Patterns for Learning from Data at Scale Using Python and Spark
Akash Tandon, Sandy Ryza, Uri Laserson, Sean Owen, Josh Wills

#Spark
#Python
#Data
#MLflow
#PySpark
#LDA
#NLP
The amount of data being generated today is staggering and growing. Apache Spark has emerged as the de facto tool to analyze big data and is now a critical part of the data science toolbox. Updated for Spark 3.0, this practical guide brings together Spark, statistical methods, and real-world datasets to teach you how to approach analytics problems using PySpark, Spark's Python API, and other best practices in Spark programming.
Data scientists Akash Tandon, Sandy Ryza, Uri Laserson, Sean Owen, and Josh Wills offer an introduction to the Spark ecosystem, then dive into patterns that apply common techniques-including classification, clustering, collaborative filtering, and anomaly detection, to fields such as genomics, security, and finance. This updated edition also covers NLP and image processing.
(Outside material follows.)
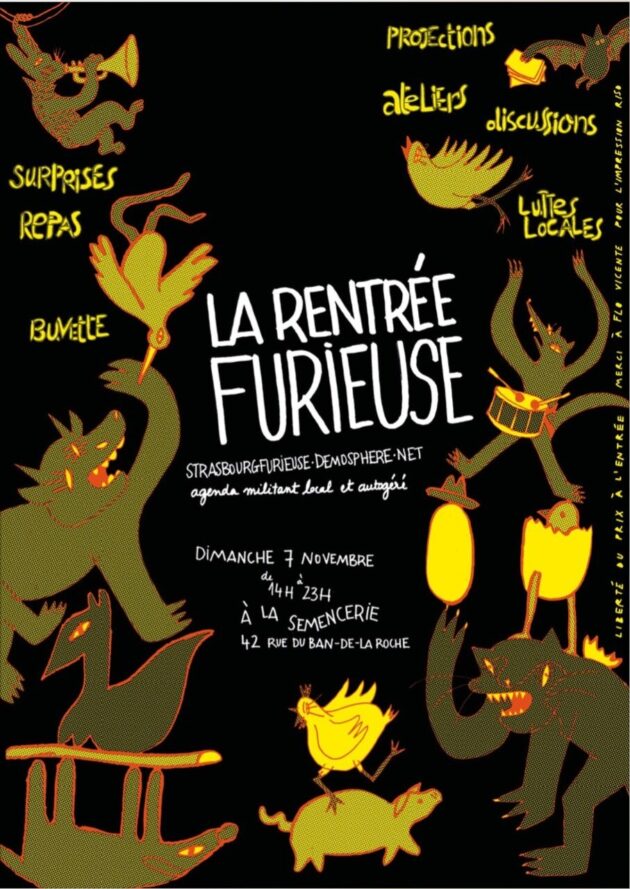 Mis en ligne depuis 2013, l’agenda Strasbourg Furieuse bénéficie depuis 2019 d’une équipe de bénévoles motivées pour publier chaque jour les rendez-vous militants à Strasbourg et autour. Afin de retrouver un peu de convivialité après une période pandémique particulièrement sèche en mobilisations, l’équipe organise la « Rentrée furieuse », une série de rencontres dans l’après-midi et la soirée du dimanche 7 novembre, à la Semencerie dans le quartier Laiterie.

If you have a basic understanding of machine learning and statistics and you program in Python, this book will get you started with large-scale data analysis.
Table of Contents
1. Analyzing Big Data
2. Introduction to Data Analysis with PySpark
3. Recommending Music and the Audioscrobbler Dataset
4. Making Predictions with Decision Trees and Decision Forests
5. Anomaly Detection with K-means Clustering
6. Understanding Wikipedia with LDA and Spark NLP
7. Geospatial and Temporal Data Analysis on Taxi Trip Data
8. Estimating Financial Risk
9. Analyzing Genomics Data and the BDG Project
10. Image Similarity Detection with Deep Learning and PySpark LSH
11. Managing the Machine Learning Lifecycle with MLflow
About the Authors
Akash Tandon is an independent consultant and experienced full-stack data engineer. Previously, he was a senior data engineer at Atlan, where he built software for enterprise data science teams. In another life, he had worked on data science projects for governments, and built risk assessment tools at a FinTech startup. As a student, he wrote open source software with the R project for statistical computing and Google. In his free time, he researches things for no good reason.
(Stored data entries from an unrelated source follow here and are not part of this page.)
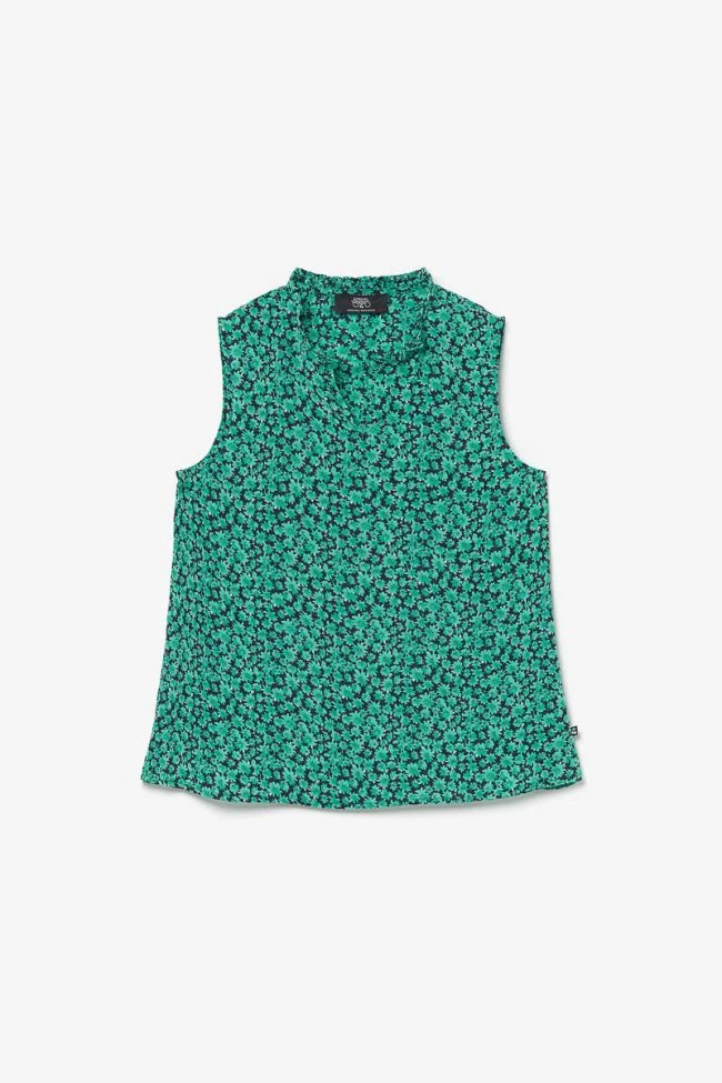 Top Safiyagi idéal pour la saison estivale avec son tissu léger et son imprimé à motif vert et bleu marine. Son col V habillé de petits volants apporte un côté girly.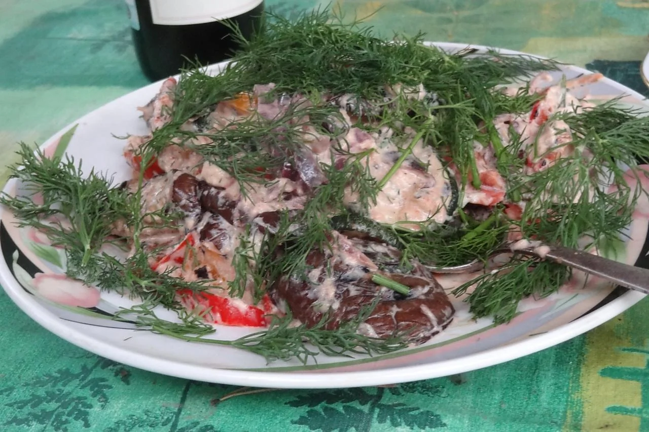 ШАГ 8 Немного остудите овощи и смешайте их с майонезной заправкой, посолите и поперчите. Украсьте веточками укропа.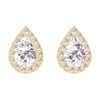« L'ATELIER » NR. 201126Cercei Aur galben 9 carate - Diamante de laborator Pară 0.3 carate (2 X) - Halo Diamante de laborator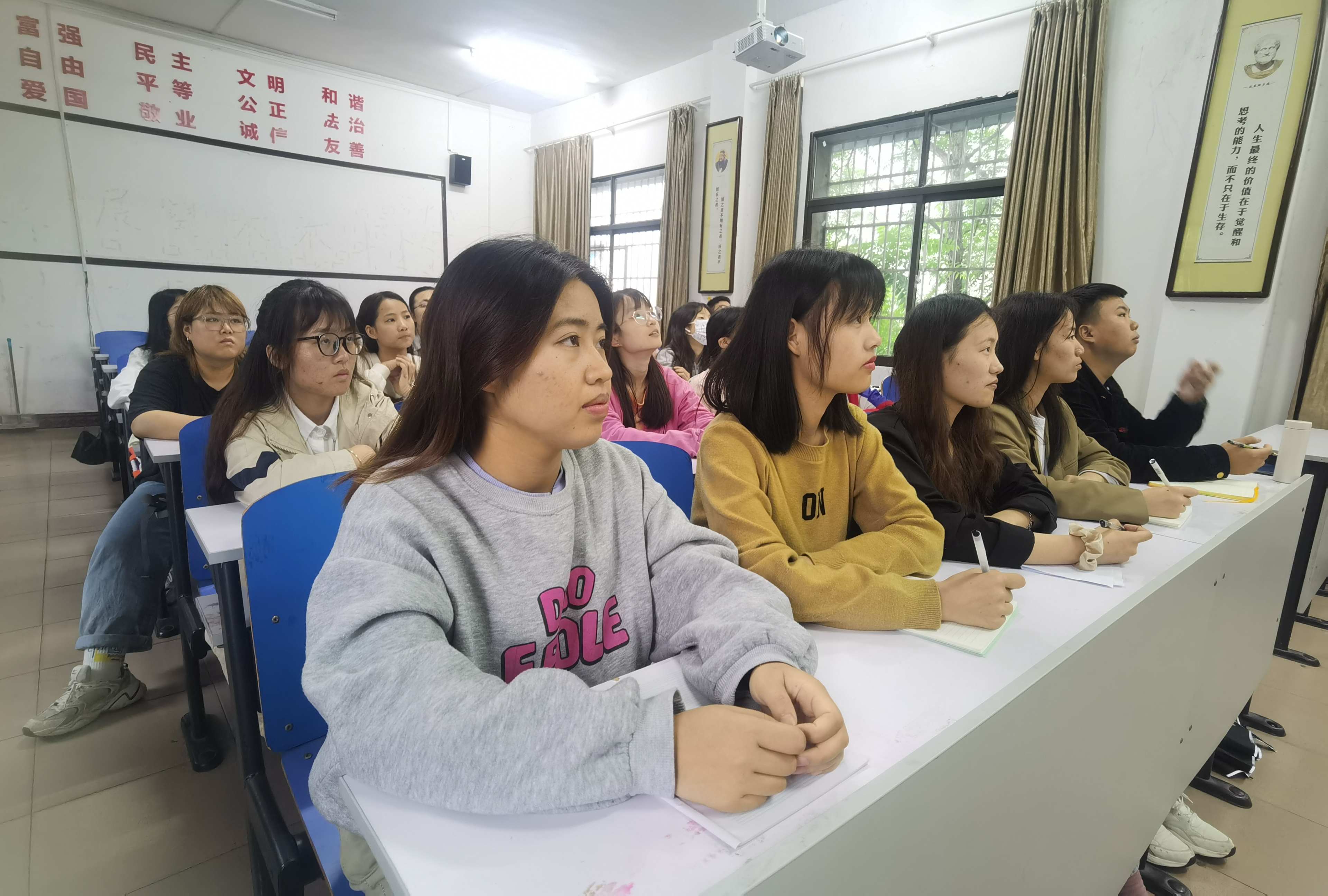 本网讯(记者 吴祖琳)“我们是五月的花海,用青春拥抱时代…...”,《光荣啊,中国共青团》唱出了青年身上激昂向上的状态,唱出了青年对祖国诚挚无比的热爱。5月10日上午,庆祝中国共产主义青年团成立100周年大会在北京人民大会堂隆重举行。中共中央总书记、国家主席、中央军委主席习近平在会上发表重要讲话。2026世界杯官方合作网站组织全校师生代表在潇湘大讲堂观看直播,马克思主义学院部分师生代表受邀观看,其余师生干部于鹤鸣楼406、407、501教室同步观看大会直播。师生齐聚,热议习近平总书记在大会上的讲话。

Sandy Ryza is software engineer at Elementl. Previously, he developed algorithms for public transit at Remix and was a senior data scientist at Cloudera and Clover Health. He is an Apache Spark committer, Apache Hadoop PMC member, and founder of the Time Series for Spark project.
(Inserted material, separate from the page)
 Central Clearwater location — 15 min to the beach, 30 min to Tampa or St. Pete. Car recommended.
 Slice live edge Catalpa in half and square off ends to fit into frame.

Uri Laserson is founder & CTO of Patch Biosciences. Previously, he worked on big data and genomics at Cloudera.
Sean Owen is a principal solutions architect focusing on machine learning and data science at Databricks. He is an Apache Spark committer and PMC member, and co-author Advanced Analytics with Spark. Previously, he was director of Data Science at Cloudera and an engineer at Google.
Josh Wills is an independent data science and engineering consultant, the former head of data engineering at Slack and data science at Cloudera, and wrote a tweet about data scientists once.